» Data for the task:
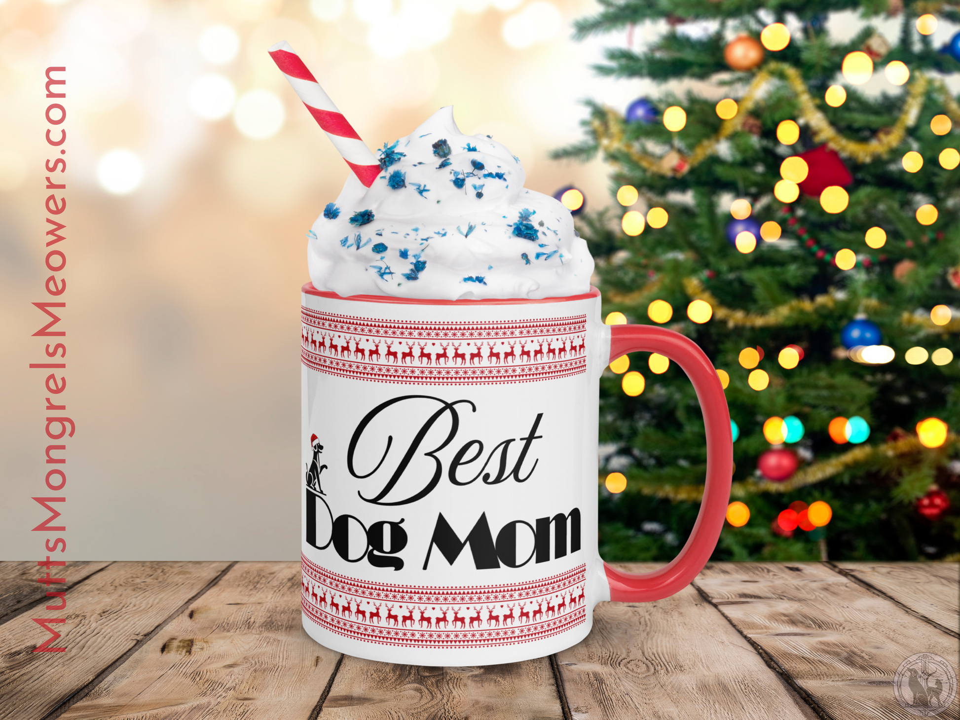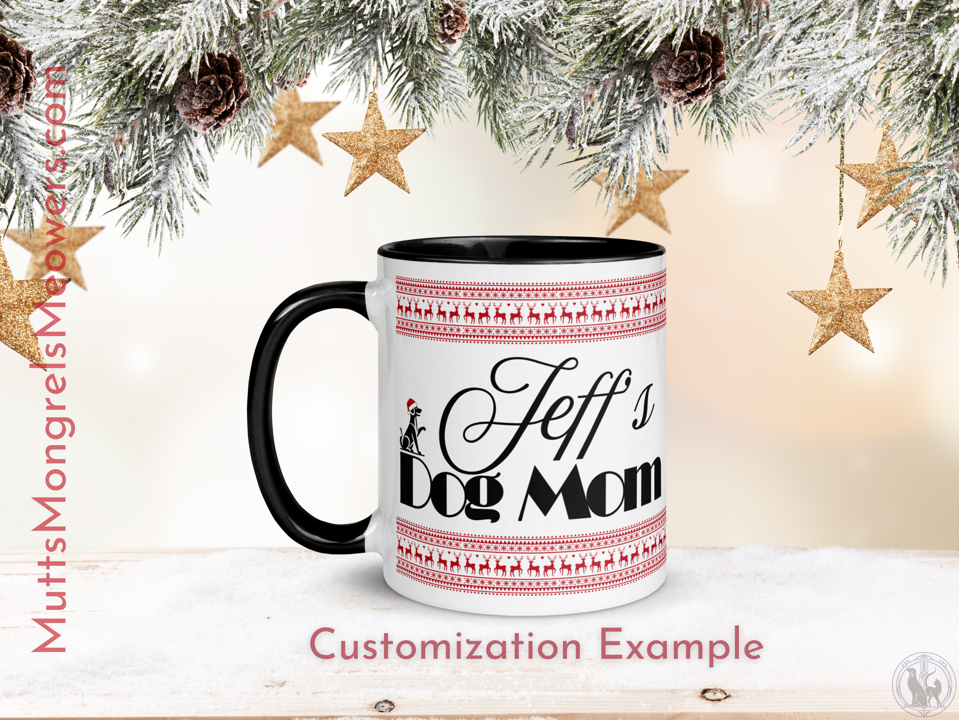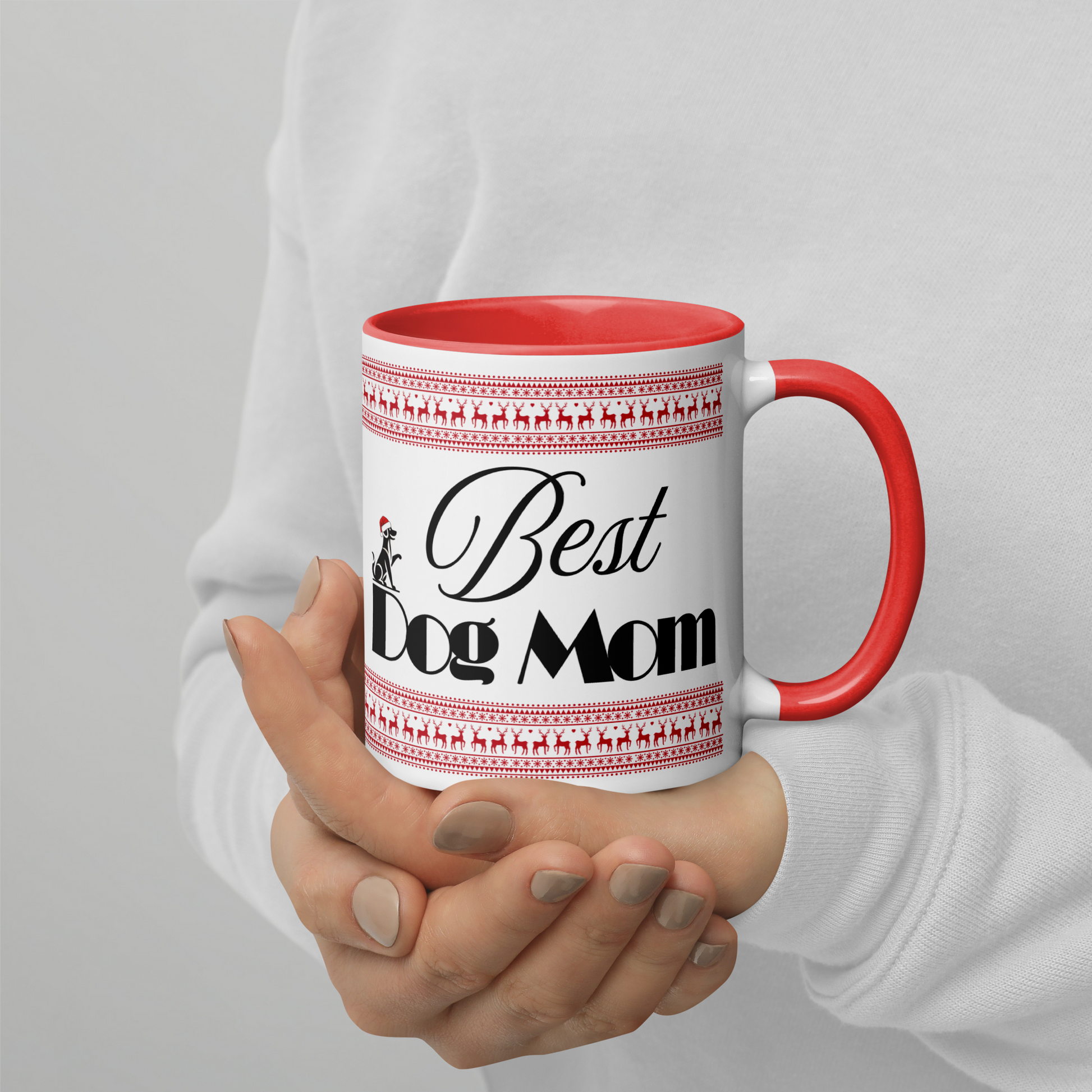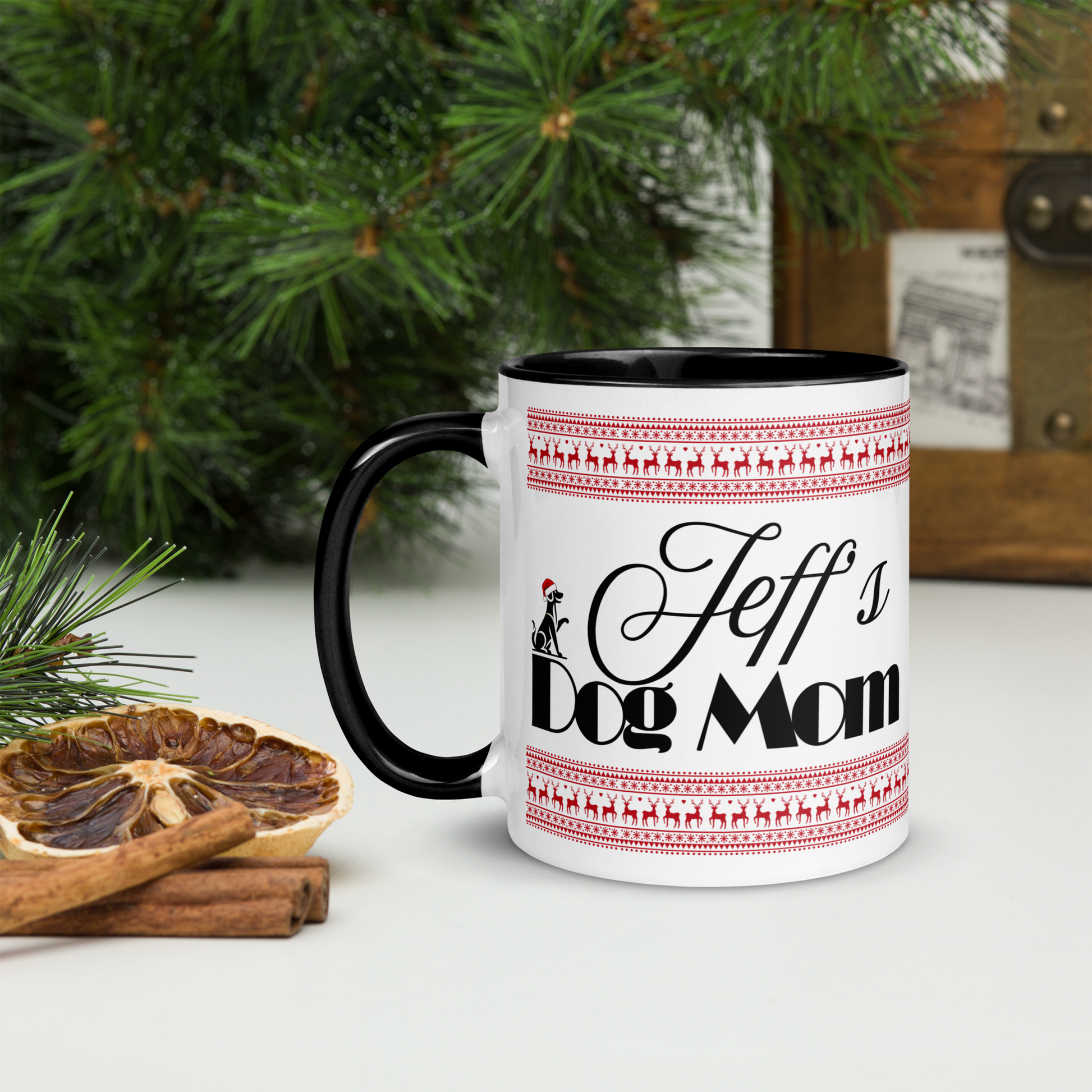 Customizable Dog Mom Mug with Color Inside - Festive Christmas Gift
---
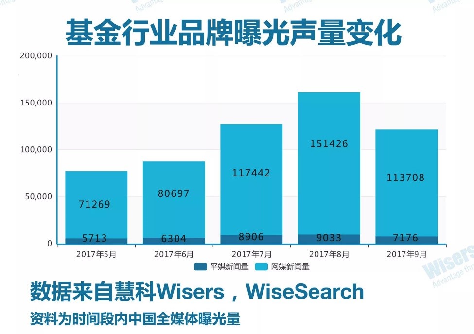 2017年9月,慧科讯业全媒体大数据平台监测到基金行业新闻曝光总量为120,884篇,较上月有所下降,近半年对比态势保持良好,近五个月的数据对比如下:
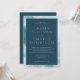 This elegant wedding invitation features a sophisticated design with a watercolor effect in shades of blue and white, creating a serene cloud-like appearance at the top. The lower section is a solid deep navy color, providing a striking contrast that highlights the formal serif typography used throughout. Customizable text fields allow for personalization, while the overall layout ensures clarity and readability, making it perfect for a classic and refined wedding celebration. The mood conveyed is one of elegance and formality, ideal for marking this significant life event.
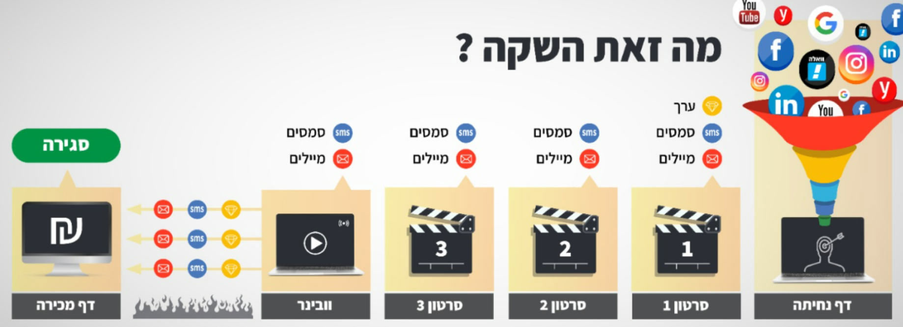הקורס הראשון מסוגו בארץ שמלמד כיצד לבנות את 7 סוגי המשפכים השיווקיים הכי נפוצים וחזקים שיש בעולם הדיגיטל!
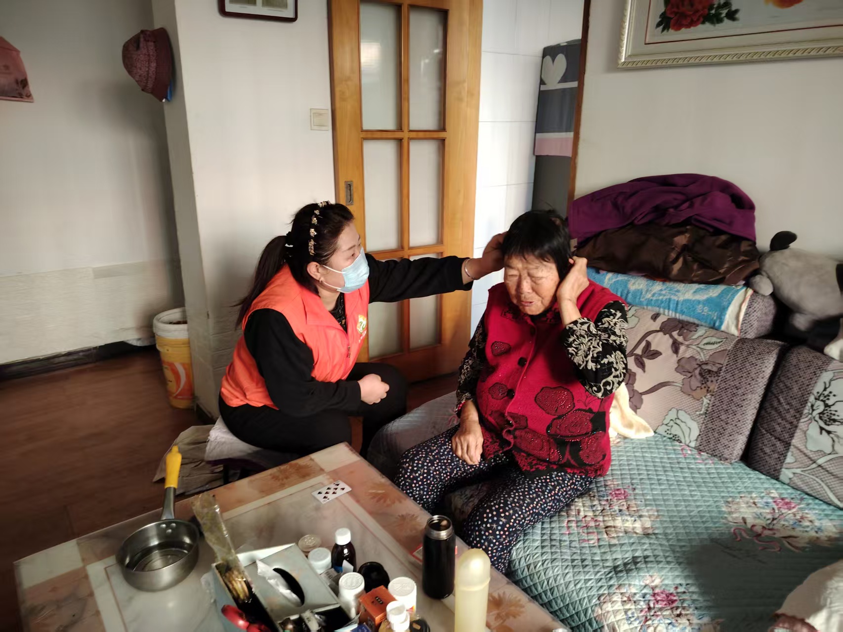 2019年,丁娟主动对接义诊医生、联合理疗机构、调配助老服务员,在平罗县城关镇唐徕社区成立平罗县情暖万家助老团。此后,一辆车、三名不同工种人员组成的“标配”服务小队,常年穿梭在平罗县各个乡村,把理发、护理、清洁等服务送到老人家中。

» Exercise details: Although pictures appear among the entries, please set down only the lines from the one with "הקורס הראשון מסוגו" up to and including the one with "2019年,丁娟主动对接义诊", word for word.

» Response for this exercise:
הקורס הראשון מסוגו בארץ שמלמד כיצד לבנות את 7 סוגי המשפכים השיווקיים הכי נפוצים וחזקים שיש בעולם הדיגיטל!
 2019年,丁娟主动对接义诊医生、联合理疗机构、调配助老服务员,在平罗县城关镇唐徕社区成立平罗县情暖万家助老团。此后,一辆车、三名不同工种人员组成的“标配”服务小队,常年穿梭在平罗县各个乡村,把理发、护理、清洁等服务送到老人家中。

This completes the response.